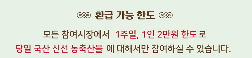 이번 환급행사를 이용하시려면 행사가 열리는 시장을 확인 하신 후 신선한 국내산 농축산물을 구매하시면 됩니다. 그 후, 영수증과 신분증을 지참하고 시장 내 환불부스로 가서 본인 확인을 한 후 온누리 상품권을 환불받으시면 됩니다.
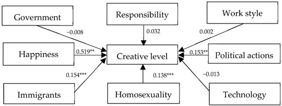 However, it must be admitted that the performance of the American sample, in some ways, verifies the core concept of the creative class at the micro level. As shown in Figure 2, the latent variables for tolerance towards immigrants/religions, gays/lesbians, technology, happiness, responsibility, work style, and political actions have significant positive effects on the level of creativity with positive standardized path coefficients of 0.062, 0.149, 0.077, 0.096, 0117, −0.097, and 0.082, respectively.
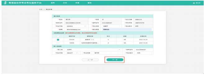 (4)根據(jù)系統(tǒng)提示,依次填寫免考申請信息,點擊“下一步”;

EXERCISE. Leave every picture out, and transcribe the data above exactly as it reads.

RESPONSE TO THIS EXERCISE.
 이번 환급행사를 이용하시려면 행사가 열리는 시장을 확인 하신 후 신선한 국내산 농축산물을 구매하시면 됩니다. 그 후, 영수증과 신분증을 지참하고 시장 내 환불부스로 가서 본인 확인을 한 후 온누리 상품권을 환불받으시면 됩니다.
 However, it must be admitted that the performance of the American sample, in some ways, verifies the core concept of the creative class at the micro level. As shown in Figure 2, the latent variables for tolerance towards immigrants/religions, gays/lesbians, technology, happiness, responsibility, work style, and political actions have significant positive effects on the level of creativity with positive standardized path coefficients of 0.062, 0.149, 0.077, 0.096, 0117, −0.097, and 0.082, respectively.
 (4)根據(jù)系統(tǒng)提示,依次填寫免考申請信息,點擊“下一步”;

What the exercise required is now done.